Atomic Absorption Spectroscopy is an instrumental analytical technique for measuring the elements (metals and metalloids) in samples through the application of characteristic wavelengths of electromagnetic radiation from a element specific light source. . Individual elements will absorb wavelengths differently. In effect, AAS takes advantage of the different radiation wavelengths that are absorbed by different atoms. It is based on element specific wavelength light absorption induced by exciting ground state atoms so that their characteristic wavelengths are emitted. During excitation, electrons move up one energy level in their respective atoms when those atoms absorb a specific energy. As electrons return to their original energy state, they emit energy in the form of light. These very specific wavelengths give the technique excellent specificity and detection limits. Absorption for each element is specific, no other elements absorb this wavelength.
Flame Atomic Absorption Spectroscopy (FAAS)
FAAS relies on atomizing a sample solution in a flame.
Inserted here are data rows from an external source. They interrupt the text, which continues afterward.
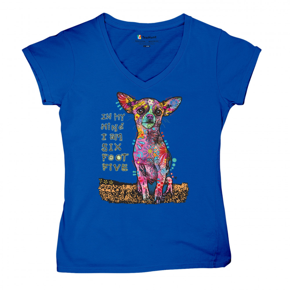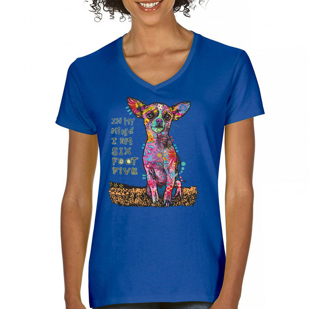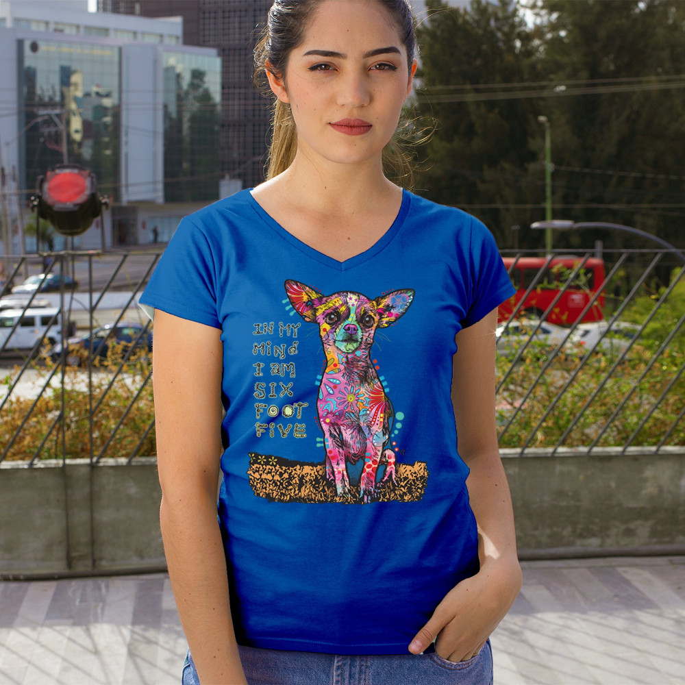 IN MY MIND I'M SIX FOOT FIVE women's v-neck t-shirt dean russo chihuahua tee royal blue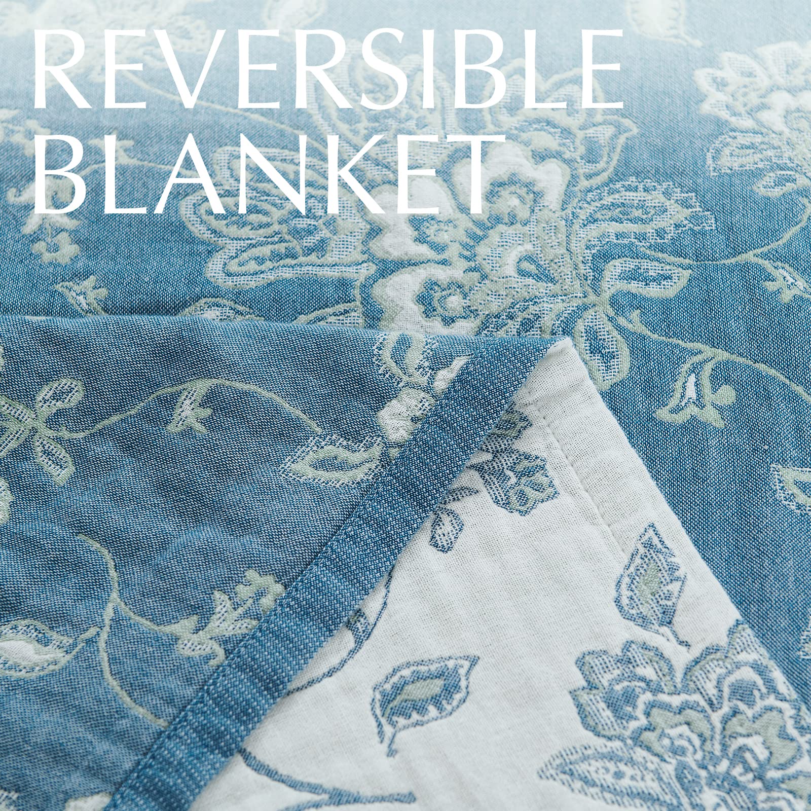 jinchan Boho 100% Cotton Muslin Twin Size 60x80 Inches Blanket Lightweight 4-Layer Quilted Soft Blue and White Floral Throw Blanket Green Accents Reversible Comfy Flower Summer Couch Bedroom Decor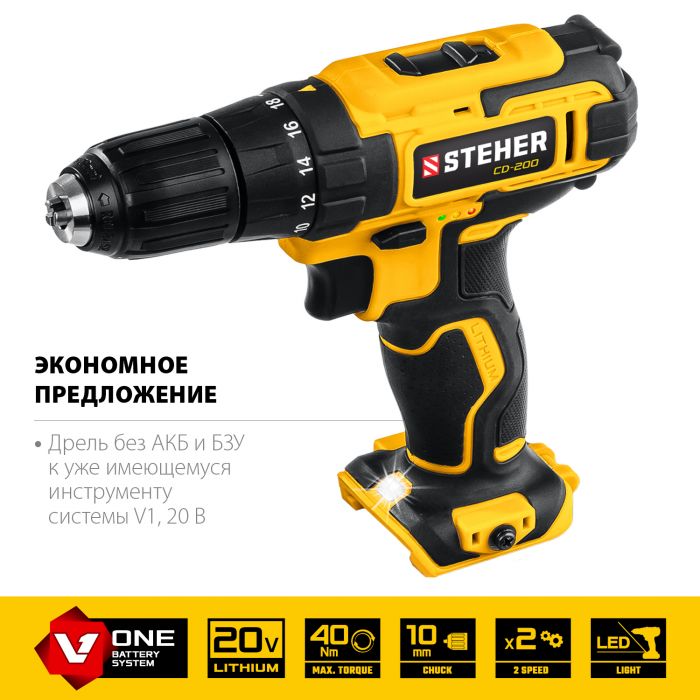Новый недорогой шуруповерт Steher - помощник в сверлении и заворачивании. Индивидуальный дизайн, удобная эргономика, высокие скорость и крутящий момент обеспечивают комфортную и производительную работу. Очень выгодное предложение для имеющих инструменты серии V-ONE. ″Мягкая″ муфта с минимальным крутящим моментом 0.2 Нм позволяет работать с компьютерными винтиками или мебельной отделкой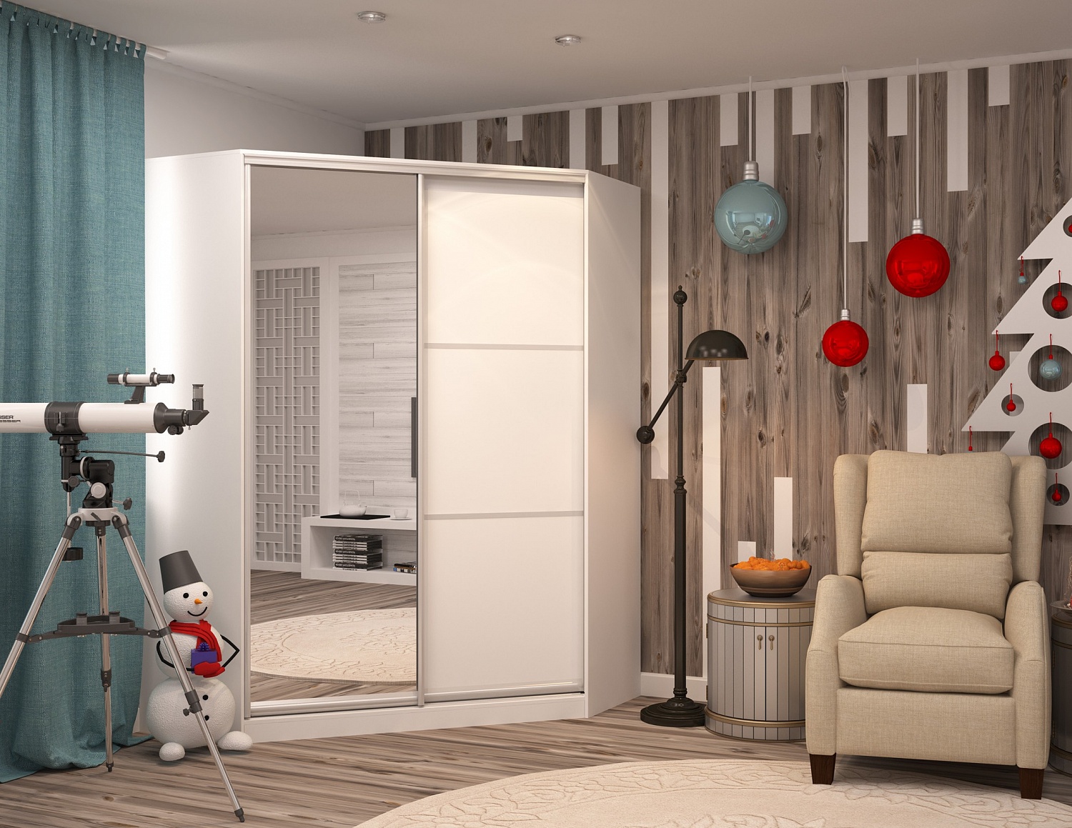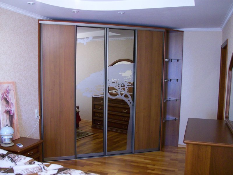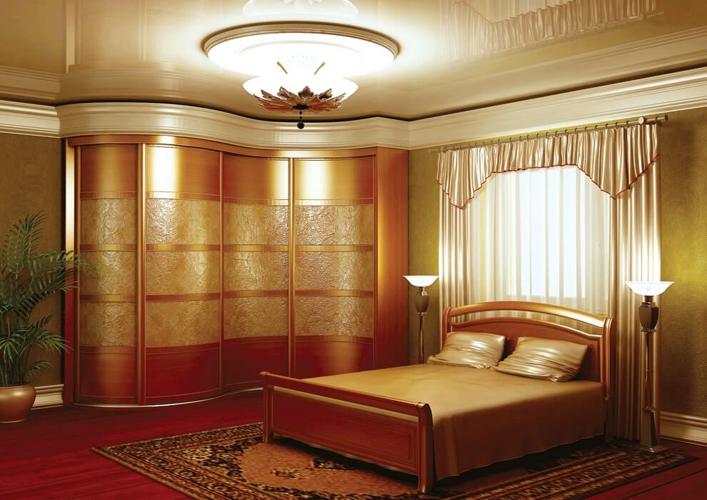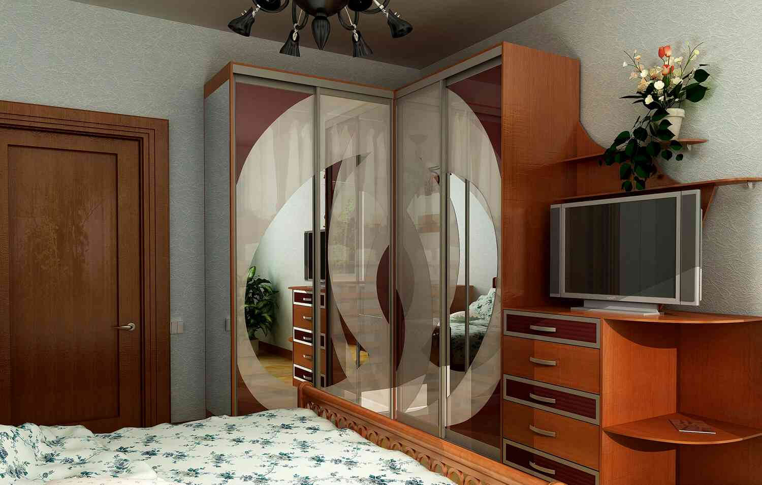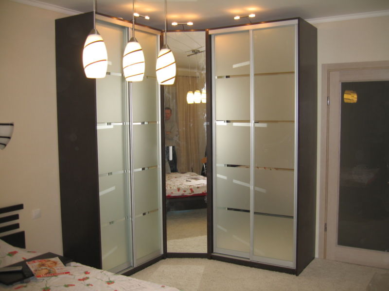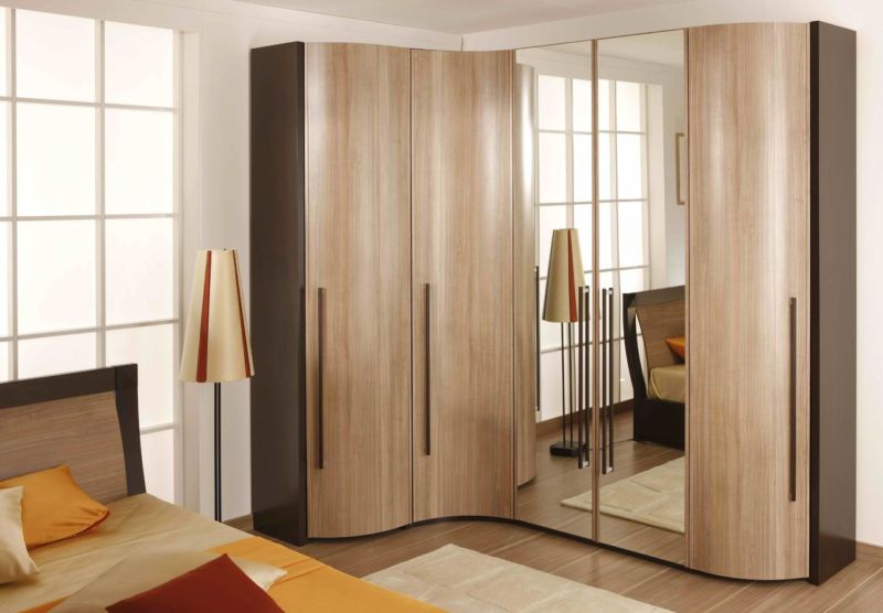 Pour la chambre à coucher, une armoire à la conception angulaire est excellente - des portes coulissantes réduiront l’espace requis. Lors du choix de la palette de couleurs des meubles, il convient de privilégier les modèles plus légers au ton de la décoration murale.

A beam of light from an element specific light source passes through the flame and into a monochoromator which collminates the light onto the detector to a specific wavelength for maximum absorption of the element. The amount of light absorbed by the flame is inversely proportional to the amount of that element in the sample. Typical detection limits for flame atomic absorption is 10 to 100 ppb.
Graphite Furnace Atomic Absorbance Spectroscopy (GFAAS)
GFAAS is similar to but it differs in that it uses a graphite furnace to atomize the sample, instead of a flame. This technique offers the advantage of greater atomization of the sample, which affords both a lower detection limit and the use of less sample. Typical detection limits for graphite furnace atomic absorption are from 0.05 to 1.0 ppb.